• [Task material]

___

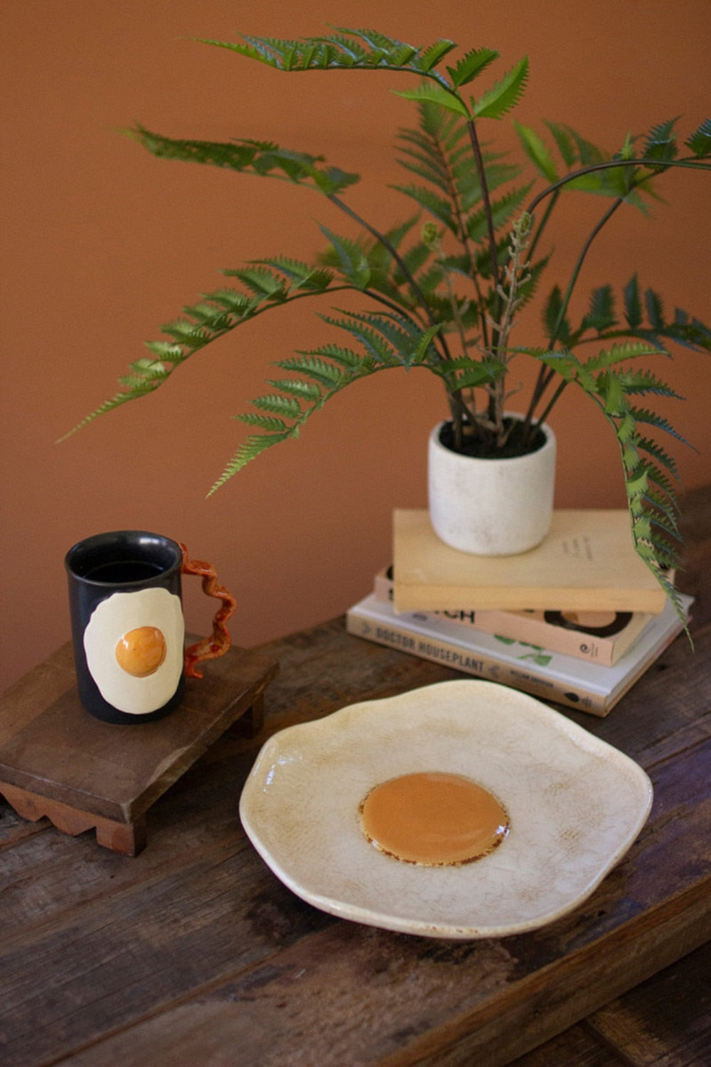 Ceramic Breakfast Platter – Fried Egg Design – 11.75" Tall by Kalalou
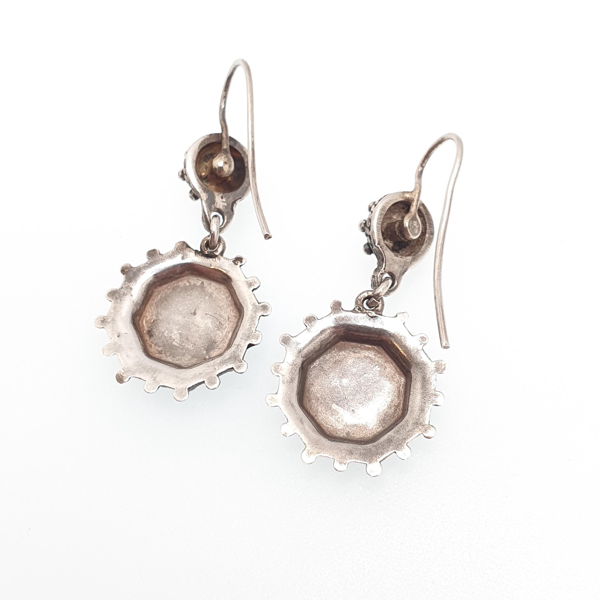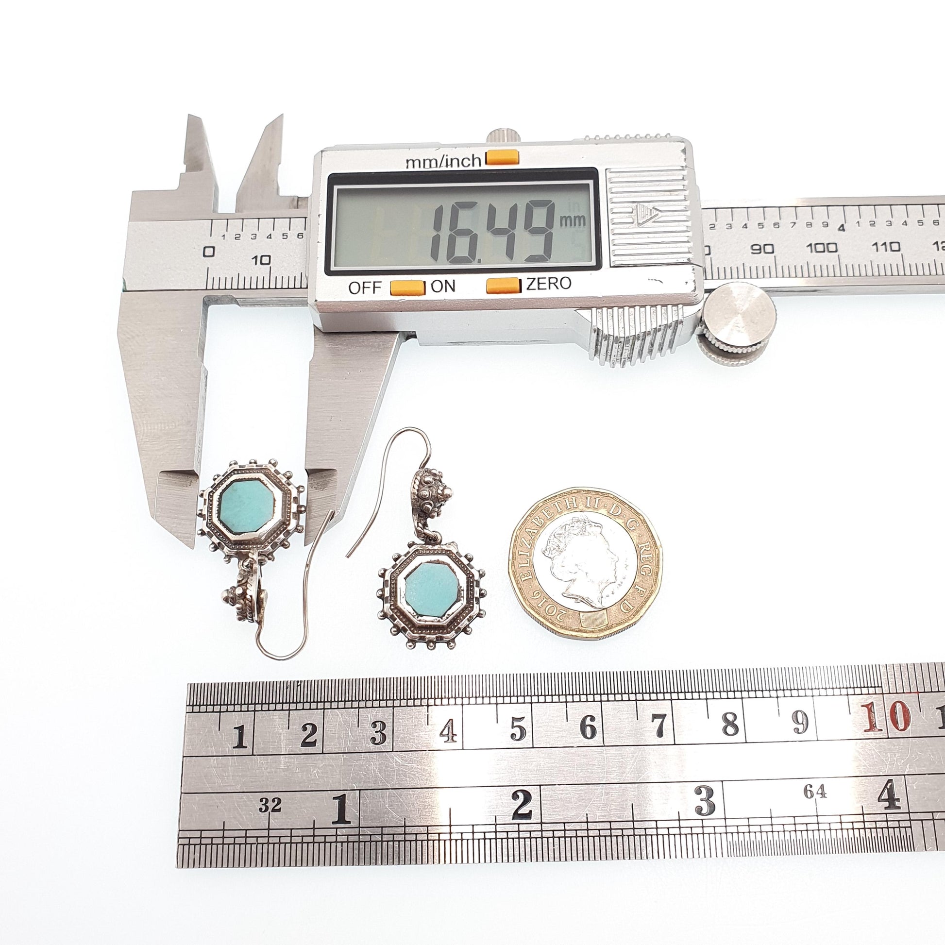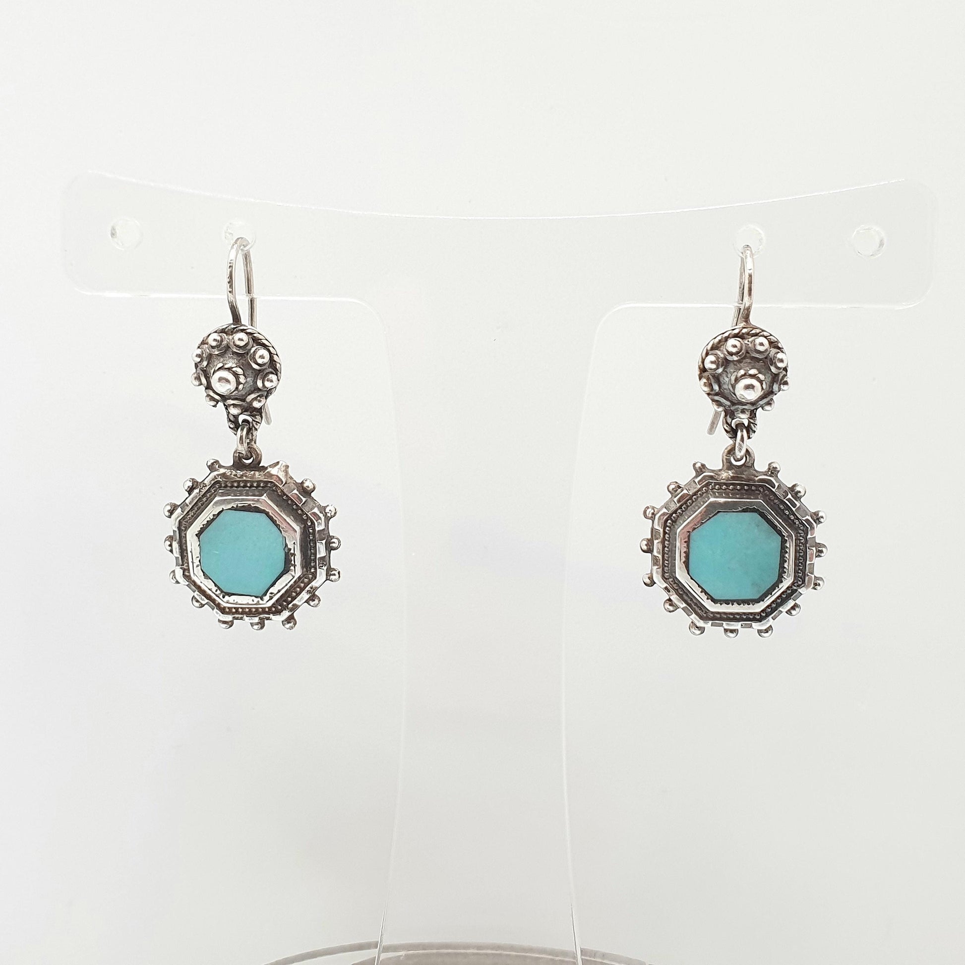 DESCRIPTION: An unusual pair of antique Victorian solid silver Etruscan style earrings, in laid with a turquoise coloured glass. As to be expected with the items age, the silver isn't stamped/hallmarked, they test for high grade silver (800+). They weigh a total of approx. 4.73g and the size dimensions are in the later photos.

___

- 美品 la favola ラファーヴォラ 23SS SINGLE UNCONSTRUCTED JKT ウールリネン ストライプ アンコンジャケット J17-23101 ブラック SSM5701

___

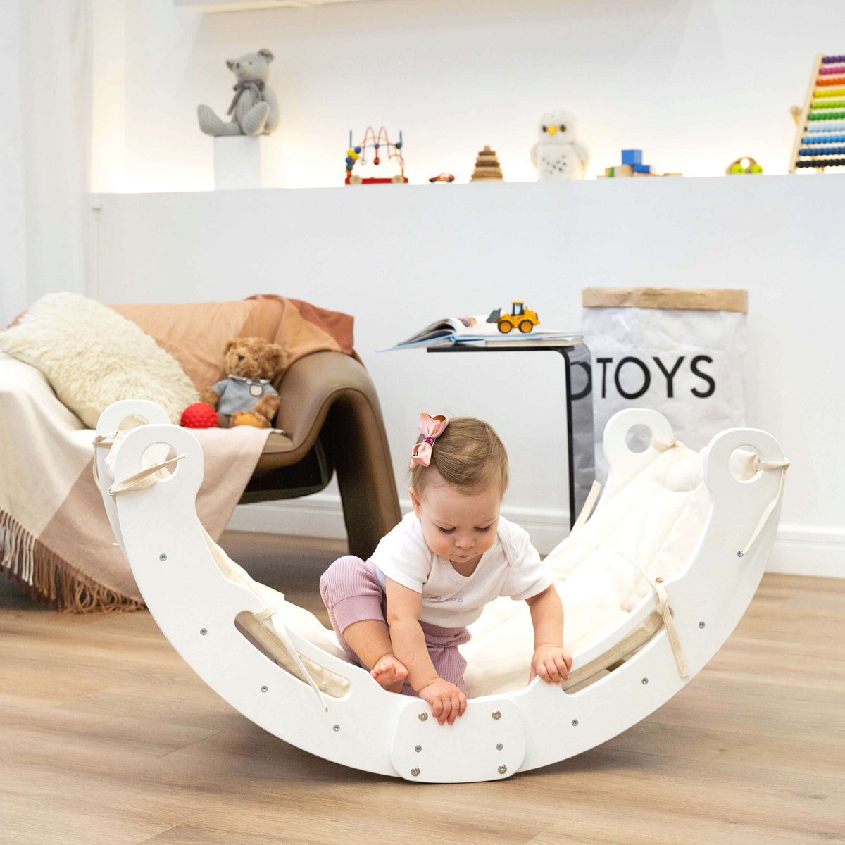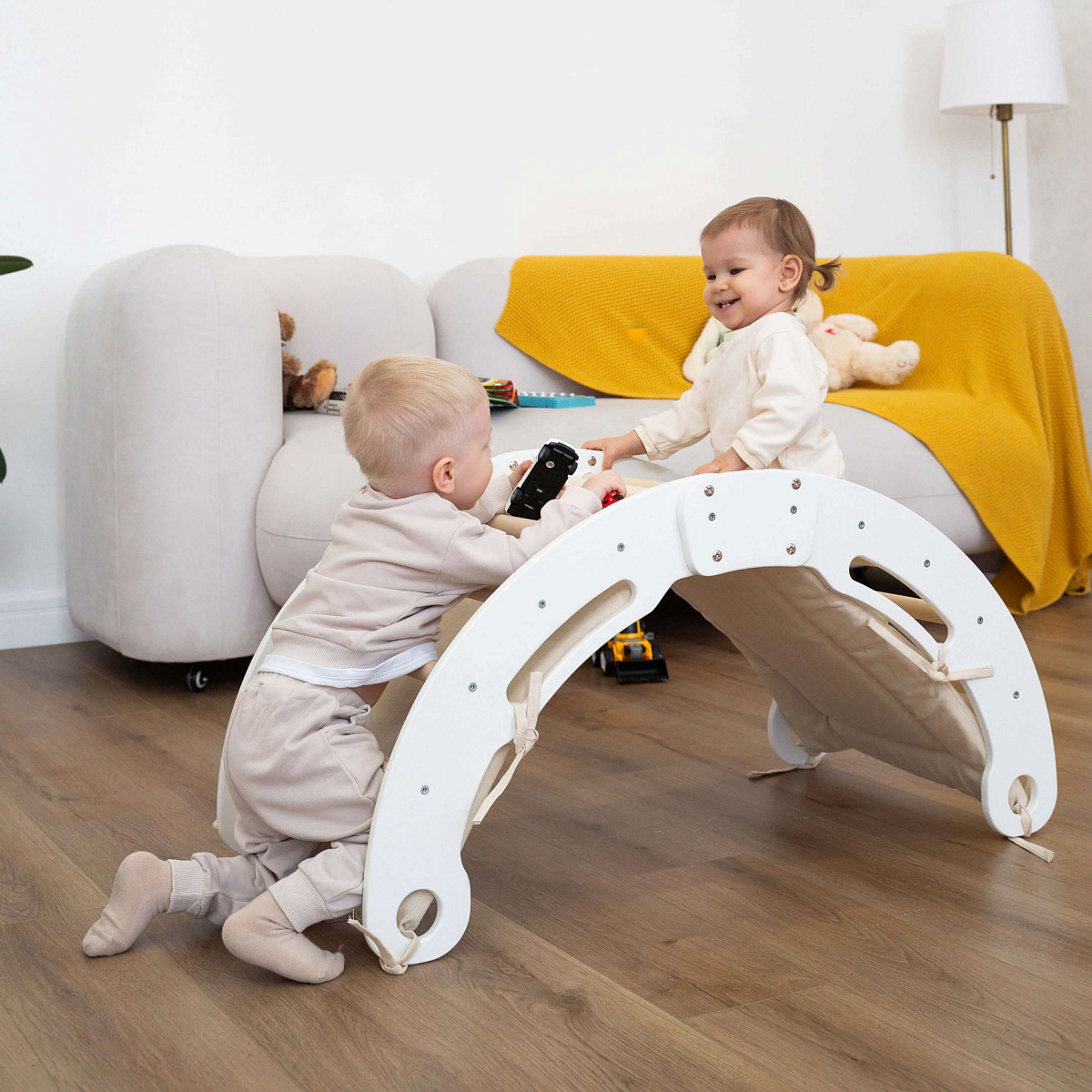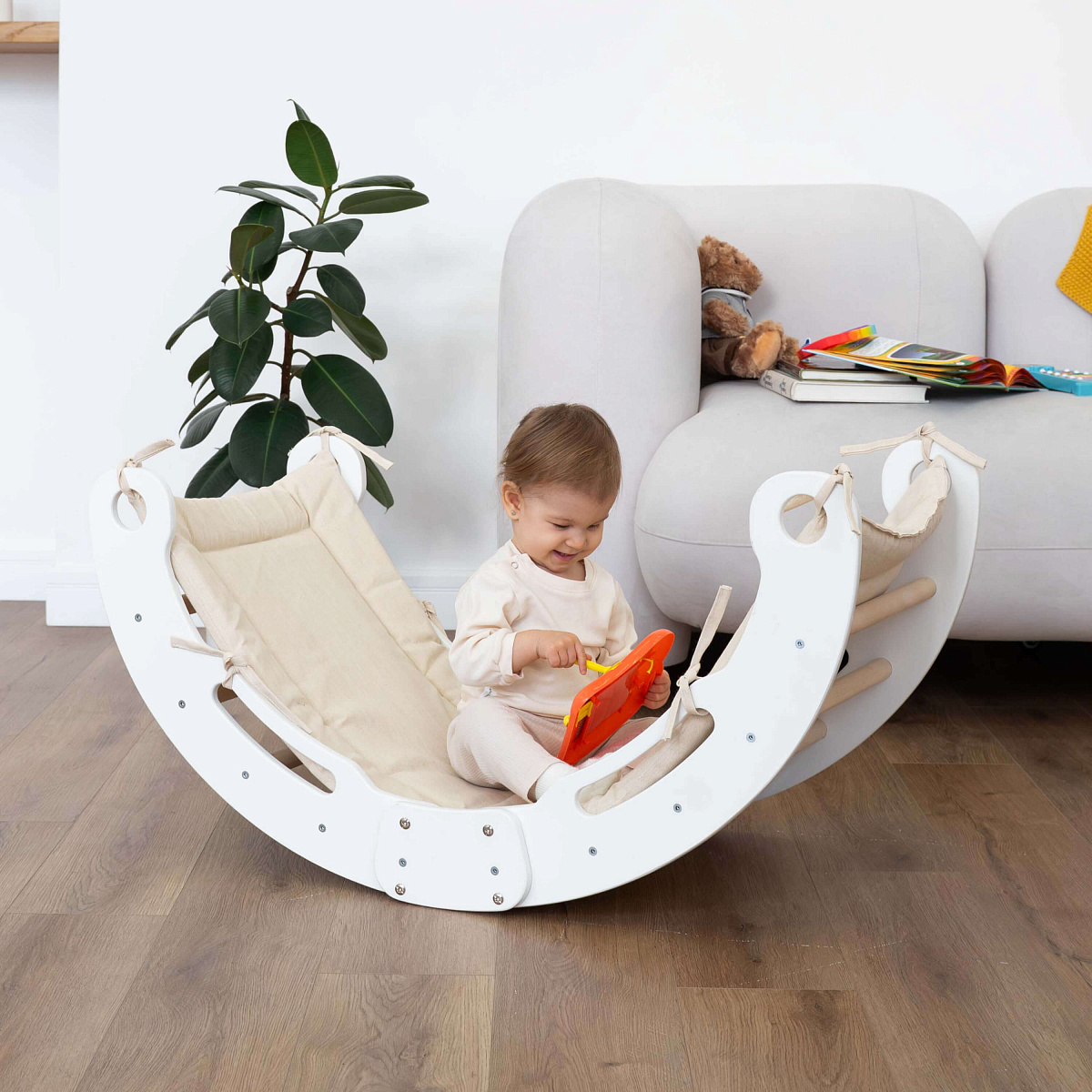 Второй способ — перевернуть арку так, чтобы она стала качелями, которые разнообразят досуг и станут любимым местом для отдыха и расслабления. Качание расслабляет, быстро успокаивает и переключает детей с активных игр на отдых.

___

• [Required action] Whatever pictures the records hold, omit them; give again exactly the lines from the one containing "Ceramic Breakfast Platter" through the one containing "DESCRIPTION: An unusual".

• [Response area]
 Ceramic Breakfast Platter – Fried Egg Design – 11.75" Tall by Kalalou
 DESCRIPTION: An unusual pair of antique Victorian solid silver Etruscan style earrings, in laid with a turquoise coloured glass. As to be expected with the items age, the silver isn't stamped/hallmarked, they test for high grade silver (800+). They weigh a total of approx. 4.73g and the size dimensions are in the later photos.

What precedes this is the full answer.